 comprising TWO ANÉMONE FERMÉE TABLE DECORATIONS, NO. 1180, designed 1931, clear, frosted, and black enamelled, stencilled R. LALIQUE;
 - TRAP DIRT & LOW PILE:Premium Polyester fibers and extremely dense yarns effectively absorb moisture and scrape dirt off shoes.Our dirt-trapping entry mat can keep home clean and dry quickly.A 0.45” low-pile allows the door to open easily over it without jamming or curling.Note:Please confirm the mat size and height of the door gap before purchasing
***
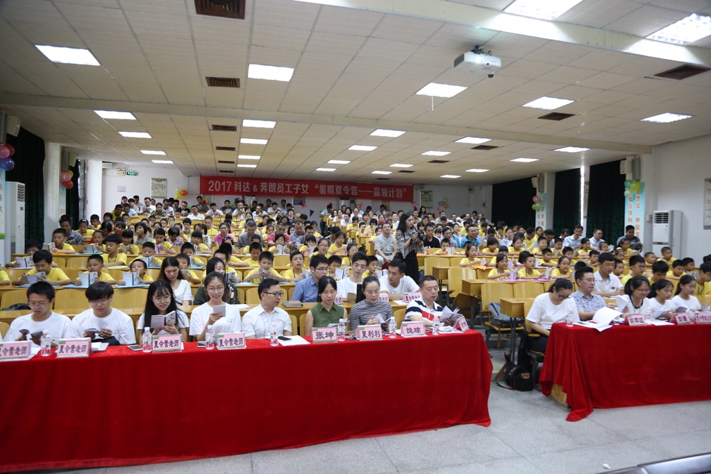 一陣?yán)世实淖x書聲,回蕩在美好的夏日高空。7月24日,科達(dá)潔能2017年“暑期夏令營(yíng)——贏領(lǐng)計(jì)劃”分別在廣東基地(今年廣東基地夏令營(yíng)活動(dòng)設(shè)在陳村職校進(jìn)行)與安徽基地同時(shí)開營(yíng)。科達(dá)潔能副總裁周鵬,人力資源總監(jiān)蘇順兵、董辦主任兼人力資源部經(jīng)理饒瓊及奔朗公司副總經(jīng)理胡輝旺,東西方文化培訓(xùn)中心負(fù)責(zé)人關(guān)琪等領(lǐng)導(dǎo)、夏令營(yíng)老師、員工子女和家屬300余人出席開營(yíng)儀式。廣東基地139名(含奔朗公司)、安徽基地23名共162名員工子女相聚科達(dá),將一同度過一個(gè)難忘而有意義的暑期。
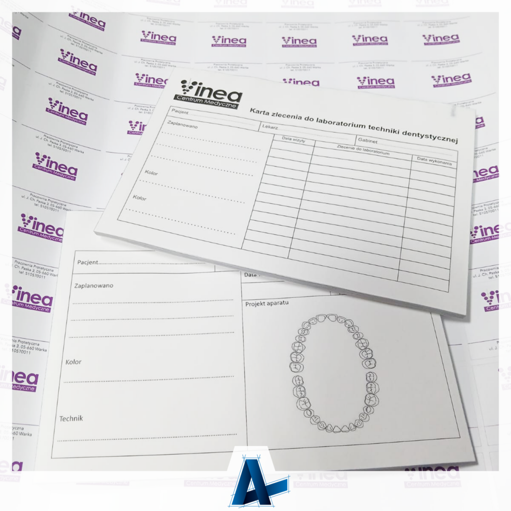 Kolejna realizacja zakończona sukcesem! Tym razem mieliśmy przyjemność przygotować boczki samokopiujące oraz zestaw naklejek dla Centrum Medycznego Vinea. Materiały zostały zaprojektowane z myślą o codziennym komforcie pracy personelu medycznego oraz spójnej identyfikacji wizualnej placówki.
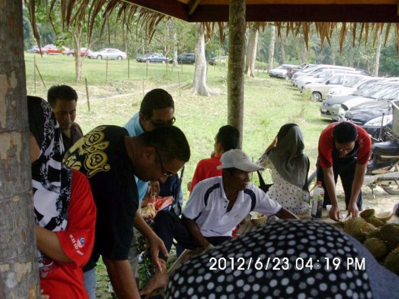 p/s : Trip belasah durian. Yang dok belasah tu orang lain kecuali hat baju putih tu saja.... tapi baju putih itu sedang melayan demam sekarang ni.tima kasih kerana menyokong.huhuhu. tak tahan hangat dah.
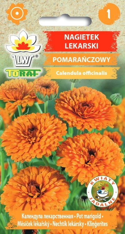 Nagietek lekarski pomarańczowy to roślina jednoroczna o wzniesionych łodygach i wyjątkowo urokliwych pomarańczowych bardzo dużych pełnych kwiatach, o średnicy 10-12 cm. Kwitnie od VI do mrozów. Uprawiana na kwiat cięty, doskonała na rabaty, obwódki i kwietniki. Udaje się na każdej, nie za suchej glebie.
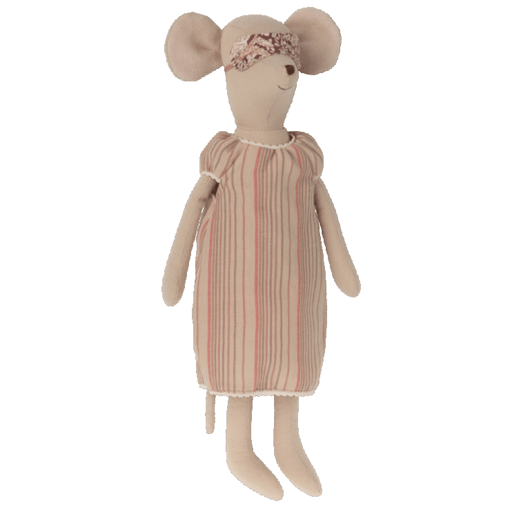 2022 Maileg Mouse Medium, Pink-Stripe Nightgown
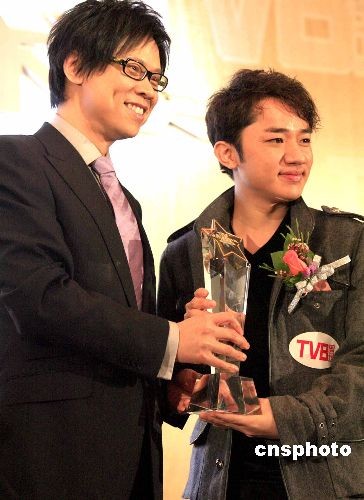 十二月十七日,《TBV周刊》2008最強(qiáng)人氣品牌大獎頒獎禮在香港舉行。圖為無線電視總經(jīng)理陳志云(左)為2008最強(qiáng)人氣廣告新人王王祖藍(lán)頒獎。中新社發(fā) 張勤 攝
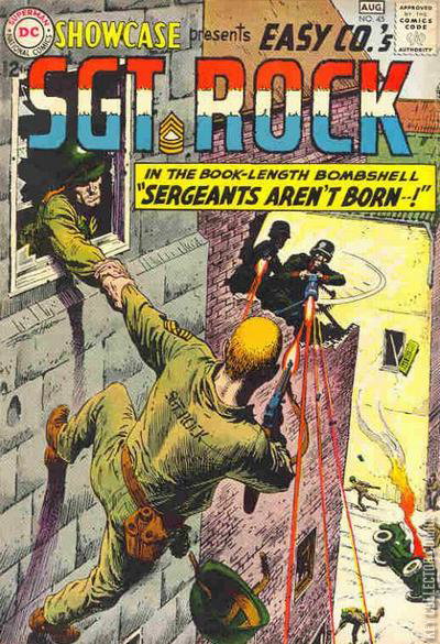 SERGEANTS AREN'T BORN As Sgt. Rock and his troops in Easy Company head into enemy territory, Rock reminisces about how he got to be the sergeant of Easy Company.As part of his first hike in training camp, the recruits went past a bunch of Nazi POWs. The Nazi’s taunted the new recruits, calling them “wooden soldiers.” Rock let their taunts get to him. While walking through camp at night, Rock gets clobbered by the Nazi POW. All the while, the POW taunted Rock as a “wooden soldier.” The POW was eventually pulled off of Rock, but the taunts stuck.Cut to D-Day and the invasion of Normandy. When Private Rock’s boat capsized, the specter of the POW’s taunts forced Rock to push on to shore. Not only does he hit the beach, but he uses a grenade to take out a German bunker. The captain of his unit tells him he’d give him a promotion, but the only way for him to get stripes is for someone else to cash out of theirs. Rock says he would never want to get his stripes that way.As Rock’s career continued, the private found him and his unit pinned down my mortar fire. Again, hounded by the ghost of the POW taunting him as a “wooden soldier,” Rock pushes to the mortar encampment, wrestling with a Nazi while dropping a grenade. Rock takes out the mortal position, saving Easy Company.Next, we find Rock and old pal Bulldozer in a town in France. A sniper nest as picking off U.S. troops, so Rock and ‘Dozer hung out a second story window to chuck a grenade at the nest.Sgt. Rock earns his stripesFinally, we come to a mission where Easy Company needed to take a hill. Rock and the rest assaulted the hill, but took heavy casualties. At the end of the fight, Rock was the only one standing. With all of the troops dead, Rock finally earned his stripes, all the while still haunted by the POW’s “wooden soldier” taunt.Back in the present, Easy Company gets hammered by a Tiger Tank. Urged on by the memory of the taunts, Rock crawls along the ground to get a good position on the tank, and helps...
***
# Brief:
When you reach the line in the material above that holds "comprising TWO ANÉMONE", begin reproducing lines exactly, and stop after the line that holds "- TRAP DIRT".

# Output below:
 comprising TWO ANÉMONE FERMÉE TABLE DECORATIONS, NO. 1180, designed 1931, clear, frosted, and black enamelled, stencilled R. LALIQUE;
 - TRAP DIRT & LOW PILE:Premium Polyester fibers and extremely dense yarns effectively absorb moisture and scrape dirt off shoes.Our dirt-trapping entry mat can keep home clean and dry quickly.A 0.45” low-pile allows the door to open easily over it without jamming or curling.Note:Please confirm the mat size and height of the door gap before purchasing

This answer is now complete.